━━━━━ Input data ━━━━━
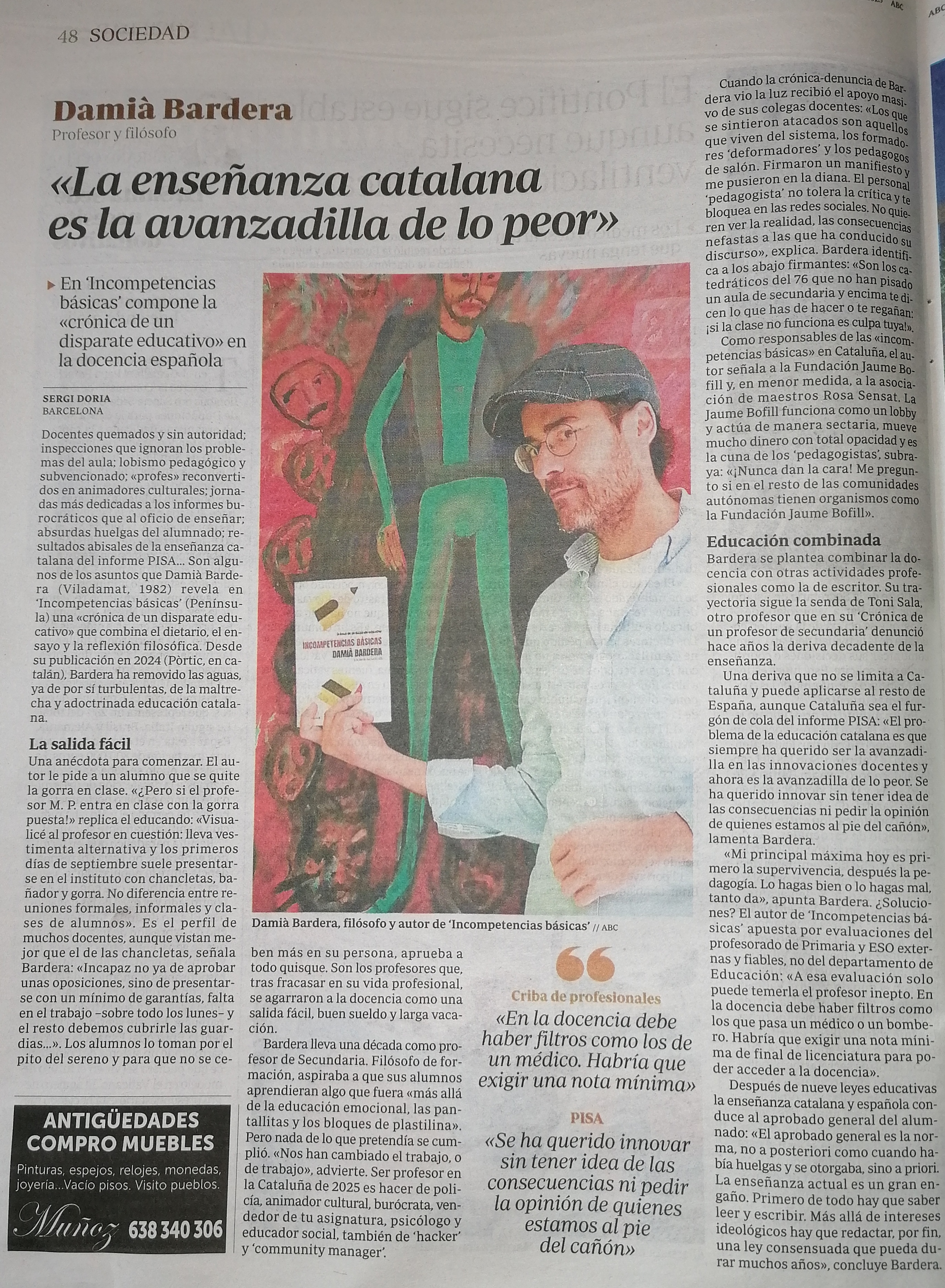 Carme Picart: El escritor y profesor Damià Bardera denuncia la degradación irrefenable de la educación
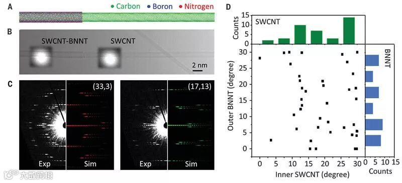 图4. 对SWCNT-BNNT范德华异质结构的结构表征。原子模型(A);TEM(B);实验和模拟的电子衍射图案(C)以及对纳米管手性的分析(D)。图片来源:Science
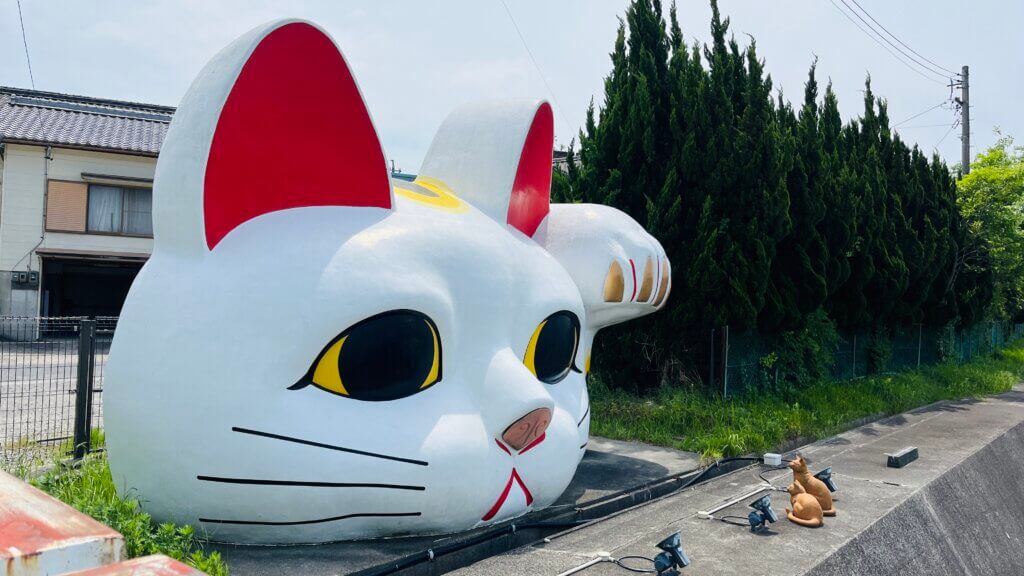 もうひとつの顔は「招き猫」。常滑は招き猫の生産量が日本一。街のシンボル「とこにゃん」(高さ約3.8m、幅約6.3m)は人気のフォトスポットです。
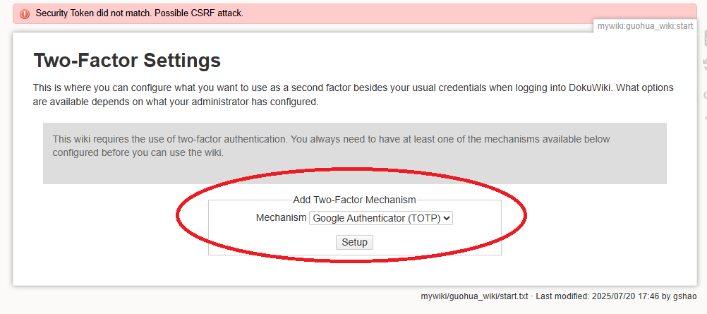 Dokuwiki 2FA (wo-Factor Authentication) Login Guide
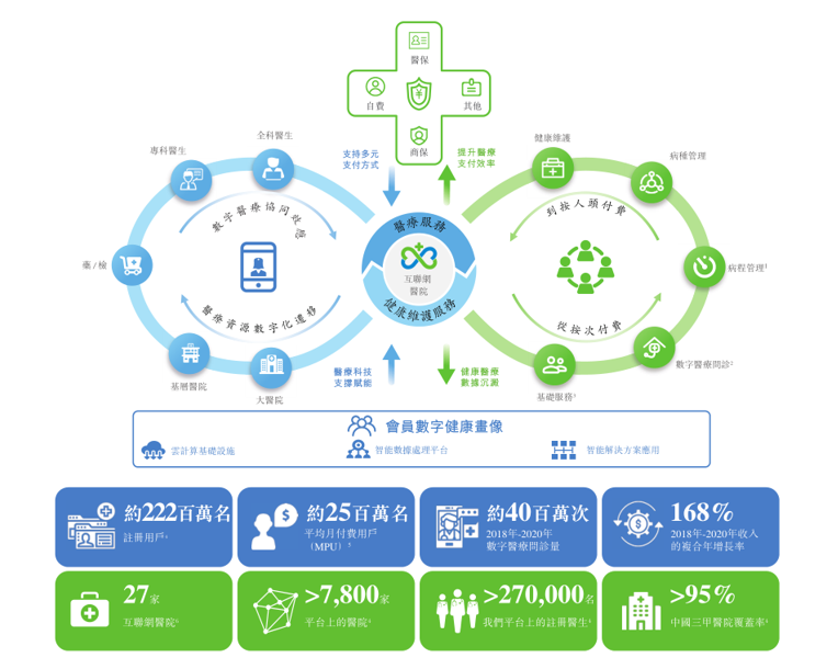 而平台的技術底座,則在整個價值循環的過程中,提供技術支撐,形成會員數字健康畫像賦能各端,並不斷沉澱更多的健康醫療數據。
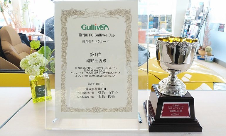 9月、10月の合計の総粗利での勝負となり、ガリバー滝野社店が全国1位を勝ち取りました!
━━━━━
Exactly as written, reproduce all of the entries while dropping the pictures.

 Carme Picart: El escritor y profesor Damià Bardera denuncia la degradación irrefenable de la educación
 图4. 对SWCNT-BNNT范德华异质结构的结构表征。原子模型(A);TEM(B);实验和模拟的电子衍射图案(C)以及对纳米管手性的分析(D)。图片来源:Science
 もうひとつの顔は「招き猫」。常滑は招き猫の生産量が日本一。街のシンボル「とこにゃん」(高さ約3.8m、幅約6.3m)は人気のフォトスポットです。
 Dokuwiki 2FA (wo-Factor Authentication) Login Guide
 而平台的技術底座,則在整個價值循環的過程中,提供技術支撐,形成會員數字健康畫像賦能各端,並不斷沉澱更多的健康醫療數據。
 9月、10月の合計の総粗利での勝負となり、ガリバー滝野社店が全国1位を勝ち取りました!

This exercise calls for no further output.